In Her Shoes

(2005) *** Pg-13
130 min. 20th Century Fox. Director: Curtis Hanson. Cast: Cameron Diaz, Toni Collette, Shirley MacLaine, Mark Feuerstein, Ken Howard.

Jennifer Weiner's novel In Her Shoes gets the deluxe Hollywood treatment from the screenwriter of Erin Brockovich and the director of L.A. Confidential. If Curtis Hanson dilutes the acid taste of Wonder Boys in favor of James L. Brooks-y dramedy, and screenwriter Susannah Grant ties tidy bows out of every plot thread, star power takes In Her Shoes a long way.

Cameron Diaz, Toni Collette, and Shirley MacLaine—as two sisters and their long-lost grandmother—make the most of three characters who need each other more than they know. Diaz's Maggie is a tarty, free-spirited layabout, and Collette's Rose allows her low self-esteem to set her limitations ("I've felt horrible about myself for my whole life," she laments). Each is an endless source of frustration for the other, and their button-pushing cold war—on the urban battlegrounds of Philadelphia—drives Maggie to seek out MacLaine's Ella in a Florida retirement community.

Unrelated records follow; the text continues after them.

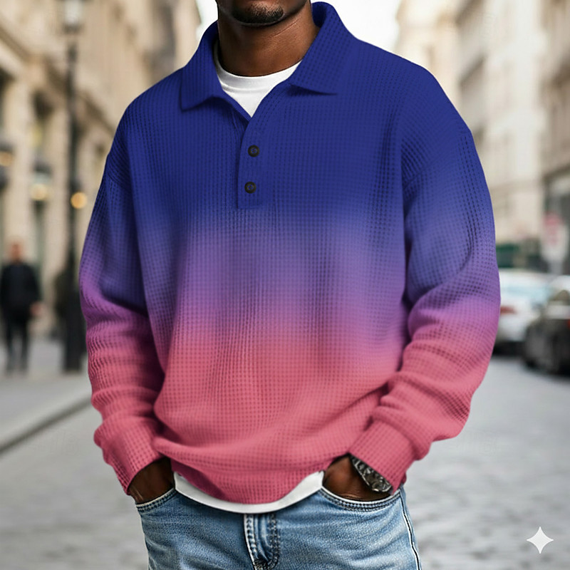 Men's Gradient Ramp Waffle Polo Shirts Long Sleeve Polo Shirts Lapel Sportswear Casual School Athleisure Daily Wear 3D Print Spring Fall Winter Blue Yellow Red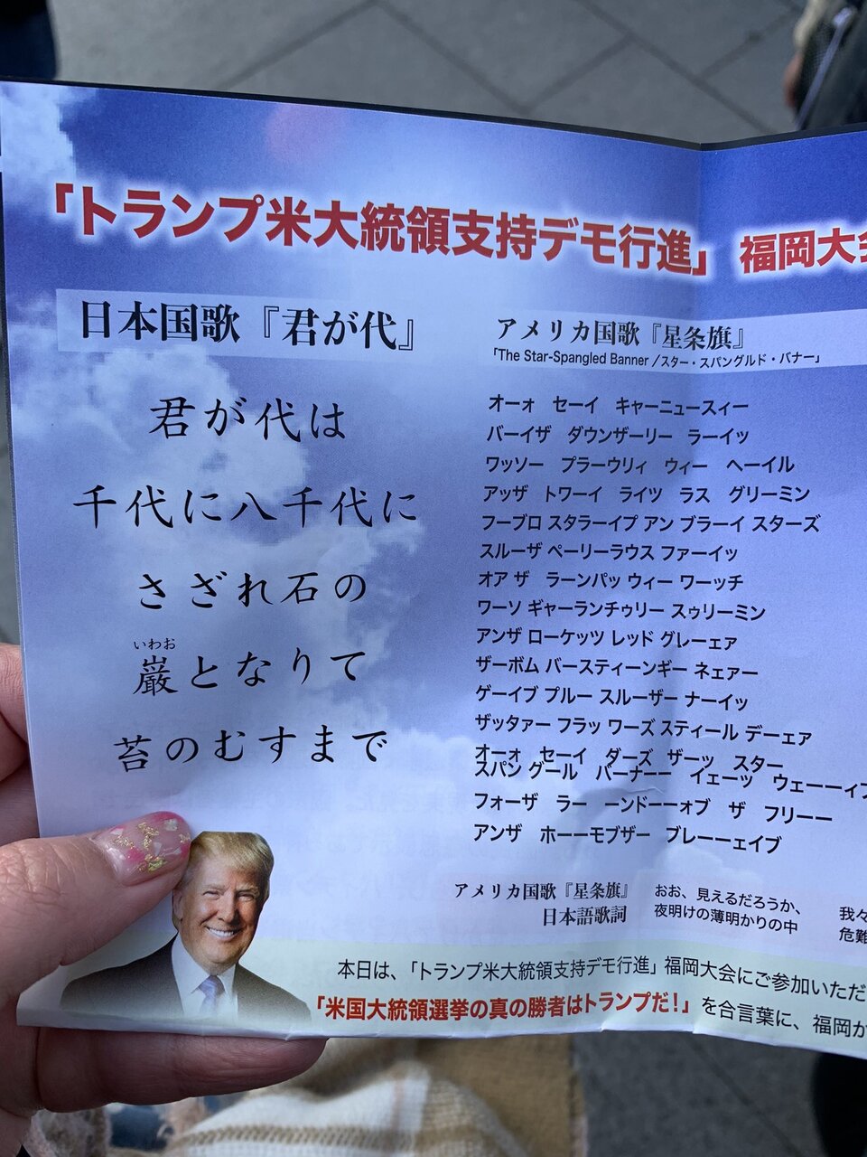 カタカナで書かなきゃアメリカ国歌も歌えないような連中がトランプ支持してデモするとかちゃんちゃらおかしいやろ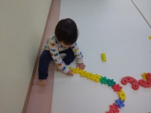お部屋ではパズルがプチ流行中です。お友だちと「これどこかな~」と探してはめています。完成すると得意げな顔で見せてくれて、行方不明になったパズルのピースはみんなで探してくれます✨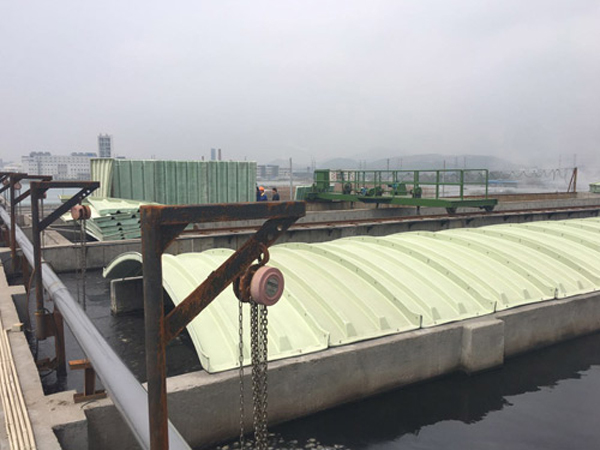 3、輕質(zhì)高強、安裝方便:玻璃鋼集氣罩比重僅為鋼制品的1/3至1/4,固化程度高,載荷負重大,強度高,適用于大跨度池體,同時蓋板可分為若干小塊,便于運輸、安裝。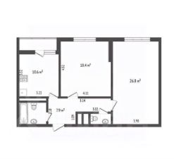 Планировка: 2 изолированные комнаты (18,4 и 27 м²)

Reconciliation and self-improvement are on the feel-good agenda, and almost all of the supporting characters are exaggerated clichés (Francine Beers offends good taste as Ella's mouthy best friend), so why does In Her Shoes work? For starters, Grant sweetly taps into evergreen women's issues and neuroses (a scene depicting Rose's desire to turn the lights off for sex manages to be funny and poignant) without ever sacrificing a good zinger. Then there's Hanson, who treats the material and his star trio with respect.

Diaz proves exasperating once again, but since she's once again playing an exasperating character, she's doing her job well (range isn't everything). Collette verifies her unheralded status as one of the top actresses of her generation; radiating Rose's aching longing, Collette expertly navigates the comedy-drama minefield with nary a false note. If Collette is in her prime, a still-riveting MacLaine hasn't lost her touch; when she looks on screen, she sees plenty, and when she hears, she's clearly listening—two actorly tasks that are more difficult than they sound.

By the tidy resolutions, In Her Shoes has jerked every tear in the "chick-lit" book (this movie's "You complete me"? "I carry your heart"), but the fertile combination of Hanson, Grant, and the stars allows blossoms of truth and humor to spring up out of the mulch.